Under almost all circumstances, the above would be sufficient except in cases where keys were rotated or generated outside the usual timespans. An example of this would be if Okta or a customer had a need to perform this operation for security reasons. You should augment the above approach with a failsafe for circumstances where keys are quickly regenerated and rotated.

Why not just use the second approach? There's potential for the caching of stale data since there's no guarantee that the /keys endpoint is up to date.

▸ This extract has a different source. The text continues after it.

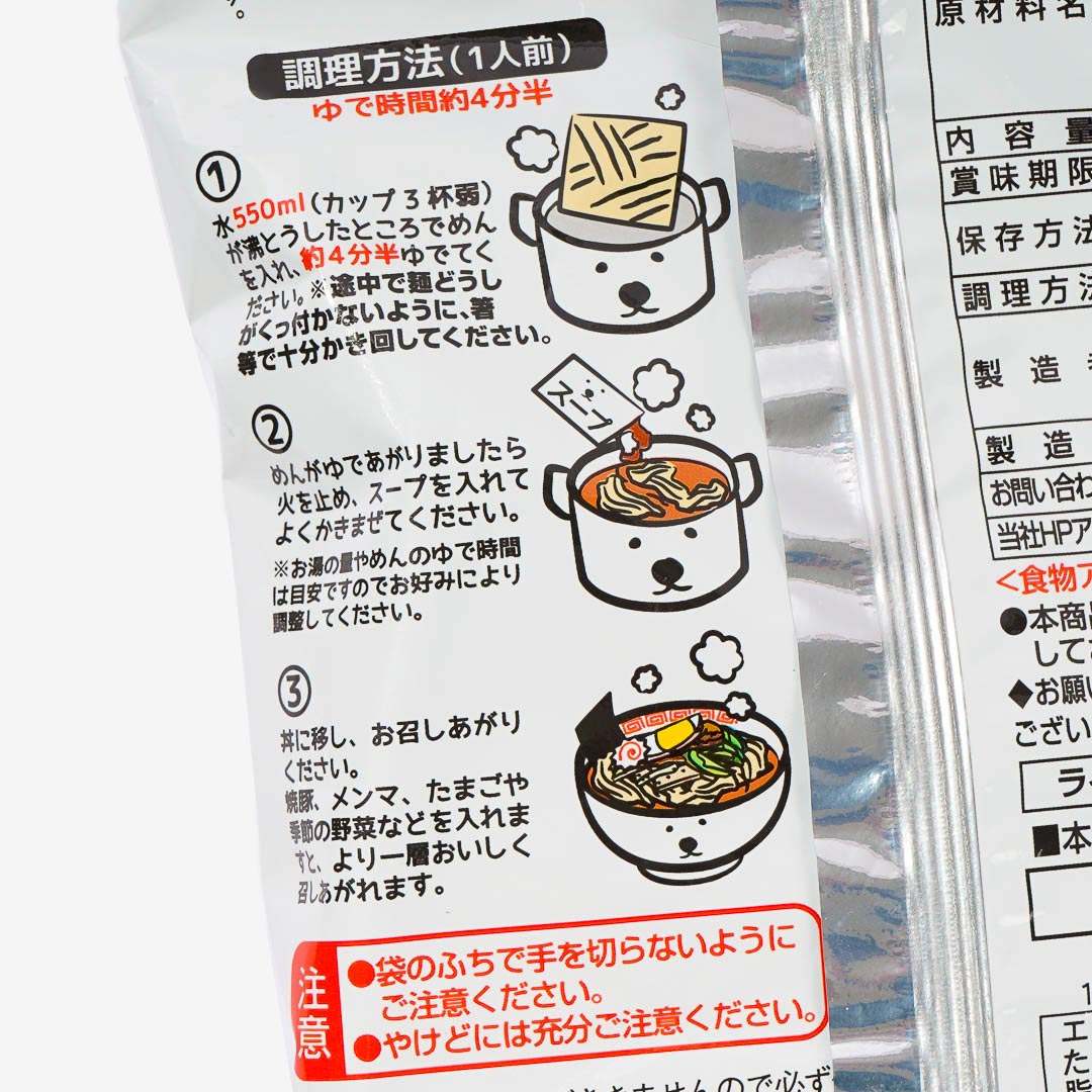 This ramen comes in a package featuring Pirika, a polar bear from Sapporo Maruyama Zoo! Inside is a delicious shio (salt) ramen packed with aromatic vegetable flavor! The noodles are slowly aged and dried for two days, giving them a firm texture and rich wheat flavor. Enjoy a bowl of this ramen noodles on a cold, rainy day!

For example, the keys are rotated, but the /keys endpoint hasn't yet been updated, which results in a period of time where failures occur.

Given that possibility, Okta recommends the blended approach of regularly scheduled caching and just-in-time checking to ensure that all possible scenarios are covered.

Troubleshooting

If you run into trouble setting up an authorization server or performing other tasks for OAuth 2.0/OIDC, use the following suggestions to resolve your issues.

Start with the System Log

The system log contains detailed information about why a request was denied and other useful information.

Limits

  • Scopes are unique per authorization server.
  • The audiences value you specify is an array of String. If the string contains ":" it must be a valid URI.
  • Tokens can expire, be explicitly revoked at the endpoint, or implicitly revoked by a change in configuration.
  • Token revocation can be implicit in two ways: token expiration or a change to the source.
    • Expiration happens at different times:
      • ID token expires after one hour.
      • Access token expiration is configured in a policy, but is always between five minutes and one day.
      • Refresh token expiration depends on two factors:
        1. Expiration is configured in an access policy, no limits, but must be greater than or equal to the access token lifetime
        2. Revocation if the refresh token isn't exercised within a specified time. Configure the specified time in an access policy, with a minimum of ten minutes.
    • Revocation happens when a configuration is changed or deleted:
      • User deactivation or deletion.
      • Configuration in the authorization server is changed or deleted.
      • The client app is deactivated, changed, unassigned, or deleted.

Subtle behavior

Some behaviors aren't obvious:

  • A user must be assigned to the client in Okta for the client to get access tokens from that client. You can assign the client directly (direct user assignment) or indirectly (group assignment).
  • If you haven't created a rule in a policy on the authorization server to allow the client, user, and scope combination that you want, the request fails. To resolve, create at least one rule in a policy on the authorization server for the relevant resource that specifies client, user, and scope.
  • OpenID Connect scopes are granted by default, so if you are requesting only those scopes ( openid , profile , email , address , phone , or offline_access ), you don't need to define any scopes for them, but you need a policy and rule on a Custom Authorization Server. The rule grants the OpenID Connect scopes by default, so they don't need to be configured in the rule. Token expiration times depend on how they are defined in the rules and which policies and rules match the request.
  • OpenID scopes can be requested with custom scopes. For example, a request can include openid and a custom scope.
  • The evaluation of a policy always takes place during the initial authentication of the user (or of the client in case of the client credentials flow). If the flow isn't immediately finished, such as when a token is requested using the authorization_code grant type, the policy isn't evaluated again, and a change in the policy after the user or client is initially authenticated won't affect the continued flow.